Often it takes the long view to see a pattern that has developed in your life. One of the instances I've recently discovered is the ebb and flow of trees in our life. When we bought our first home in Modesto, CA back in 1986, the house was part of a new development. It had a zero property line and a single newly planted tree in the middle of the front yard. Our first encounter with city employed tree trimmers a few years later was not nice.
They appeared on our cul-de-sac one morning and proceeded to seriously trim all the trees. Since our tree had been a slow starter and was finally in a place where it could cast some shade, I asked the men if they wouldn't cut the tree back too hard. This seemed like a reasonable request but maybe not. That evening when I returned from work, our tree had been butchered so that only one leafy branch remained. Considering the more pleasing appearance of the other trees around us, I concluded that it was deliberately done.
Fast forward to 1998 - another house, another town, and other trees. Our house came with three patio size Crepe Myrtles in the front yard. One was in sad shape, so I coaxed it along but come spring, she was clearly gone. Out came the tree but then, by the end of summer, one surviving root had reached up to gain the sunlight. Nineteen years later, we still had the two surviving patio Crepe Myrtles AND one bushy little myrtle cheerfully growing beside them, year after year.
Mimosa trees are abundant in our old neighborhood and birds kindly scatter their seed everywhere. One volunteered right in the middle of our front sidewalk in an open area that originally held a yard lamp. Pretty as it was, the danger of concrete damage hovered at about 100%. The bigger that tree would get, the more the damage to our sidewalk would increase. So, out it went.
Later I planted a curly willow in the backyard. Considering the smallness of the backyard, planting the willow there wasn't a smart choice. Add to that a decorative cobblestone patio and it would be just a matter of time before the roots uplifted the brick, ruining the design. Taking that tree down was really painful. It was gorgeous. What I didn't think about at the time were the nesting birds. I certainly did for the next many days as mourning doves lived up to their name from the back fence and the eaves of our house.
All of our tree encounters, up to this point, were spaced very widely apart. However, now we are in the Bootheel and things have changed up considerably. First of all, we knew, based on photos, that the house we bought, had trees. What we didn't know is that the lot was like a private park. Oh. The. TREES. In our first six months here, we have cut back the trees invading our roof, trimmed back all of the foliage surrounding the house, have had one dead tree removed, and have had a really big branch from a neighbor's tree fall and take out about 20 feet of fencing. Our favorite local tree service rescued us from the mess. And the fencing company that originally put it in 20 years earlier came back and fixed it. We were living in interesting times.

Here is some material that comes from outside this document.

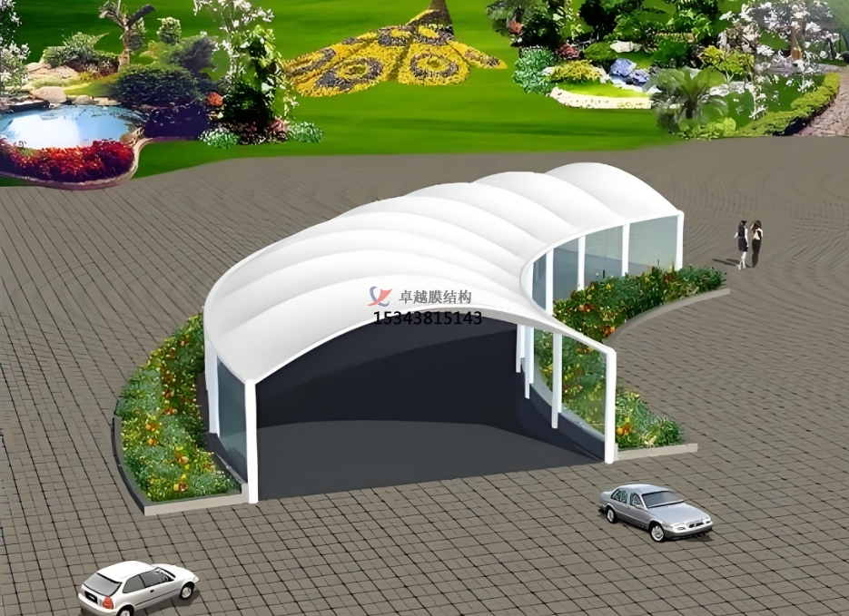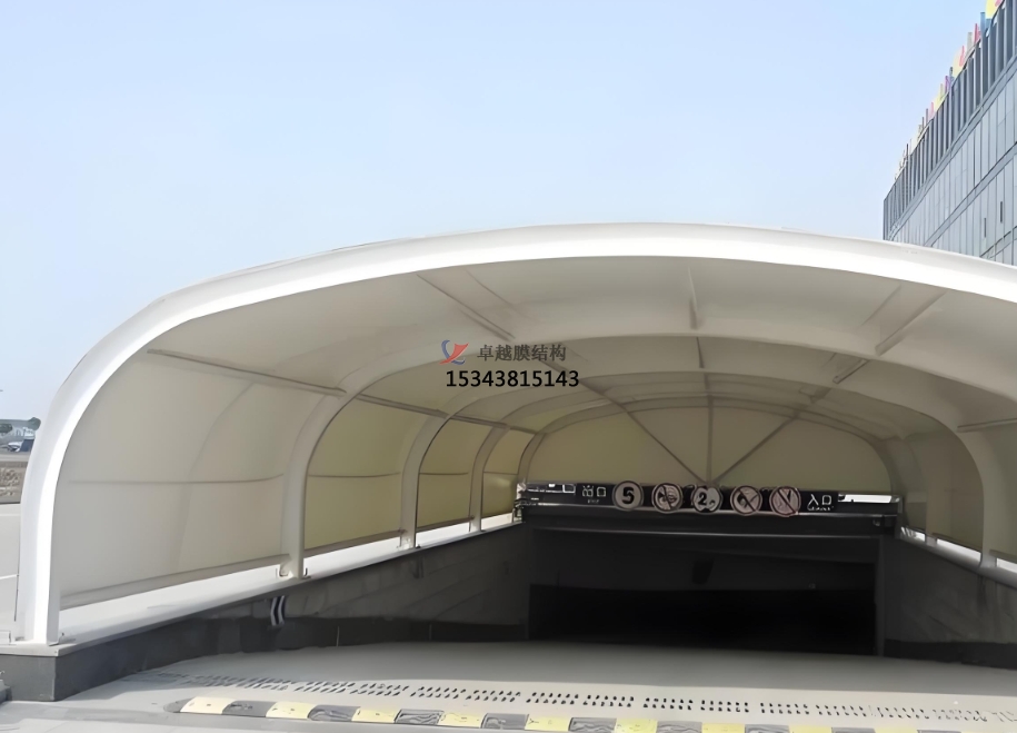 總之,車(chē)庫(kù)出入口膜結(jié)構(gòu)頂棚是一種集實(shí)用、美觀、環(huán)保和經(jīng)濟(jì)效益于一體的創(chuàng)新建筑形式。它的出現(xiàn)為現(xiàn)代建筑的發(fā)展提供了新的思路和方向,相信在未來(lái)的建筑領(lǐng)域中,膜結(jié)構(gòu)頂棚將會(huì)得到更加廣泛的應(yīng)用和發(fā)展。
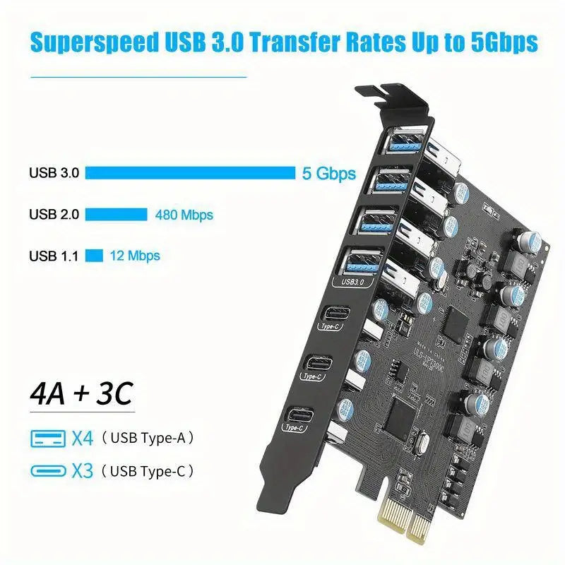 Tech USB 3.0 Extension Card, 7-port Built-in USB3.0 Adapter, 4 USB 3.0 USBA Plus & 3 USB-C Ports

But, wait. It's not over yet. Mid- November, one of the backyard trees uprooted. Tall and skinny, it turned out to be a volunteer from a root that found its way to the surface. Perfectly placed, it found enough sunlight to grow into the lower branches of the tree next to it. However - the root system was fairly shallow and this was the year it decided to uproot. But it didn't fall. It leaned over into the other trees, held there securely, waiting for the next big wind to bring it down. Gone would be another fence and perhaps even another tree. Tree service to the rescue again and at the same time, they also trimmed the rest of the trees making them safe for the next many years. The backyard is now looking pretty barren but, hey, it's almost winter.
I have to tell you, I never, ever knew that trees could be so demanding. I love trees. The birds and critters we love, love trees. The very AIR we breathe loves trees. But, wow, they sure are high maintenance.